» WHAT YOU HAVE TO DO
All lines from the opening of the entries below through the line containing "Movimiento 4 La" must be output exactly as they appear, with no other lines.

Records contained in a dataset
━━━

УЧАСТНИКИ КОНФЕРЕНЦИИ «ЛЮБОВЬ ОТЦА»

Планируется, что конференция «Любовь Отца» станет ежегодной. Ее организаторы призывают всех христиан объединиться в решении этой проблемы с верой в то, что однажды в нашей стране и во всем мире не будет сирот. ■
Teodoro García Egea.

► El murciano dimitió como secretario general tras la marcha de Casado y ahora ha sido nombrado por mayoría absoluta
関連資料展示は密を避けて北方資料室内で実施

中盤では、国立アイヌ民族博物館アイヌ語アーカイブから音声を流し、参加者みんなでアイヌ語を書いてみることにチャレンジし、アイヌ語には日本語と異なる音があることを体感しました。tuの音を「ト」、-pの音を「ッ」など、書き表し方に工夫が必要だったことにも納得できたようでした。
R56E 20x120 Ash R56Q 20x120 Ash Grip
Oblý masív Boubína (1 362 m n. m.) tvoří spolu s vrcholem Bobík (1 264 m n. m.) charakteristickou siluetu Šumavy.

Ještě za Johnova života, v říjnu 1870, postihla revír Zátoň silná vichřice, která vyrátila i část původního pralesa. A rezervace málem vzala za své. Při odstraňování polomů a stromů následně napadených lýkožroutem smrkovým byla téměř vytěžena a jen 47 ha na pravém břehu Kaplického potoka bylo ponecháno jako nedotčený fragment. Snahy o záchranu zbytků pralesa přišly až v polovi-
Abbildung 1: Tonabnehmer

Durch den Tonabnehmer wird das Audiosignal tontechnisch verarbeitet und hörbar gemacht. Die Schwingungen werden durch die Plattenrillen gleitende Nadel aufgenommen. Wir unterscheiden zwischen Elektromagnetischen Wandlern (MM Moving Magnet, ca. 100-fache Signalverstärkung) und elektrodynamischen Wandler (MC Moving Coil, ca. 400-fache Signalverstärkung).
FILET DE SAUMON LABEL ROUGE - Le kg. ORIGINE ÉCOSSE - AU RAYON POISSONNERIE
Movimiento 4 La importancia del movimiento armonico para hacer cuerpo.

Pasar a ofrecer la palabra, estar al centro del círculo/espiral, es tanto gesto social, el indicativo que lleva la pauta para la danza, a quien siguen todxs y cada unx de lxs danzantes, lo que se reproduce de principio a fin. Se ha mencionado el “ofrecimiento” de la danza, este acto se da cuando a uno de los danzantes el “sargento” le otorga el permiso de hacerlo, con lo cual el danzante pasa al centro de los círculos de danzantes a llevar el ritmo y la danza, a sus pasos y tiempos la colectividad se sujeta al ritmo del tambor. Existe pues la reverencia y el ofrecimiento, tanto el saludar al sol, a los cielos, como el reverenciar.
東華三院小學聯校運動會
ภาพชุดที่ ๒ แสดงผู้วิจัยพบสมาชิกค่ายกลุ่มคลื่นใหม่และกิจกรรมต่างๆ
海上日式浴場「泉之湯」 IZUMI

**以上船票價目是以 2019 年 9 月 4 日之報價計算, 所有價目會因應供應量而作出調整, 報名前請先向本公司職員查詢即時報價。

━━━

» WRITTEN RESPONSE
УЧАСТНИКИ КОНФЕРЕНЦИИ «ЛЮБОВЬ ОТЦА»

Планируется, что конференция «Любовь Отца» станет ежегодной. Ее организаторы призывают всех христиан объединиться в решении этой проблемы с верой в то, что однажды в нашей стране и во всем мире не будет сирот. ■
Teodoro García Egea.

► El murciano dimitió como secretario general tras la marcha de Casado y ahora ha sido nombrado por mayoría absoluta
関連資料展示は密を避けて北方資料室内で実施

中盤では、国立アイヌ民族博物館アイヌ語アーカイブから音声を流し、参加者みんなでアイヌ語を書いてみることにチャレンジし、アイヌ語には日本語と異なる音があることを体感しました。tuの音を「ト」、-pの音を「ッ」など、書き表し方に工夫が必要だったことにも納得できたようでした。
R56E 20x120 Ash R56Q 20x120 Ash Grip
Oblý masív Boubína (1 362 m n. m.) tvoří spolu s vrcholem Bobík (1 264 m n. m.) charakteristickou siluetu Šumavy.

Ještě za Johnova života, v říjnu 1870, postihla revír Zátoň silná vichřice, která vyrátila i část původního pralesa. A rezervace málem vzala za své. Při odstraňování polomů a stromů následně napadených lýkožroutem smrkovým byla téměř vytěžena a jen 47 ha na pravém břehu Kaplického potoka bylo ponecháno jako nedotčený fragment. Snahy o záchranu zbytků pralesa přišly až v polovi-
Abbildung 1: Tonabnehmer

Durch den Tonabnehmer wird das Audiosignal tontechnisch verarbeitet und hörbar gemacht. Die Schwingungen werden durch die Plattenrillen gleitende Nadel aufgenommen. Wir unterscheiden zwischen Elektromagnetischen Wandlern (MM Moving Magnet, ca. 100-fache Signalverstärkung) und elektrodynamischen Wandler (MC Moving Coil, ca. 400-fache Signalverstärkung).
FILET DE SAUMON LABEL ROUGE - Le kg. ORIGINE ÉCOSSE - AU RAYON POISSONNERIE
Movimiento 4 La importancia del movimiento armonico para hacer cuerpo.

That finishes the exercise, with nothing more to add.